His Temptress | 64

            Ewan menarik tubuh Lidya kedalam pelukannya, ia mengelus puncak kepala wanita itu, merasa bodoh dengan apa yang sudah terjadi. Ewan tidak bisa merasa sedih, ia tidak boleh menangis karena jelas sekali bahwa Lidya membutuhkannya. "Dia tidak pernah membencimu."

Perlahan Ewan mengurai pelukan mereka. Jemarinya menghapus jejak air mata wanita itu, dan berhenti di puncak hidungnya. "Namanya adalah Lucas," ucap Ewan pelan.

"Lucas...?"

Lidya mengangkat wajahnya, menatap Ewan yang tengah tersenyum kecil kepadanya. Ia mengernyitkan alisnya seolah tidak mengerti. Namun Ewan menjepit hidungnya dengan jemari pria itu. Anehnya, walaupun Ewan tersenyum, Lidya merasa ada sesuatu dari pria itu yang hancur dan ada sesuatu dari diri Ewan yang membuatnya ingin menangis terisak-isak. "Aku tidak mengerti..." bisik Lidya pelan dengan suara parau.

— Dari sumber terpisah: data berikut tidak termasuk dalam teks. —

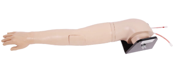 該靜脈輸液手臂模型是第五代產品,可實現手背靜脈網以及肘部靜脈網的輸液、穿刺及注射訓練。該產品由硅膠材料制成,觸感和外觀都極度仿真,代表了天堰科技人體模型的較高水準。

"Nama dia adalah Lucas." Ewan menarik tubuh Lidya kembali melekat ketubuhnya, lalu berkata, "Putera kita, itu adalah nama yang aku berikan untuknya."

Kali ini Lidya menangis terisak-isak. Bagaimana tidak, ia bahkan belum sempat menamai anaknya. Ia belum sempat mencari nama yang bagus untuk puteranya. Ia bahkan belum sempat memberikan susu pertamanya untuk puteranya. Dan segalanya terenggut begitu saja.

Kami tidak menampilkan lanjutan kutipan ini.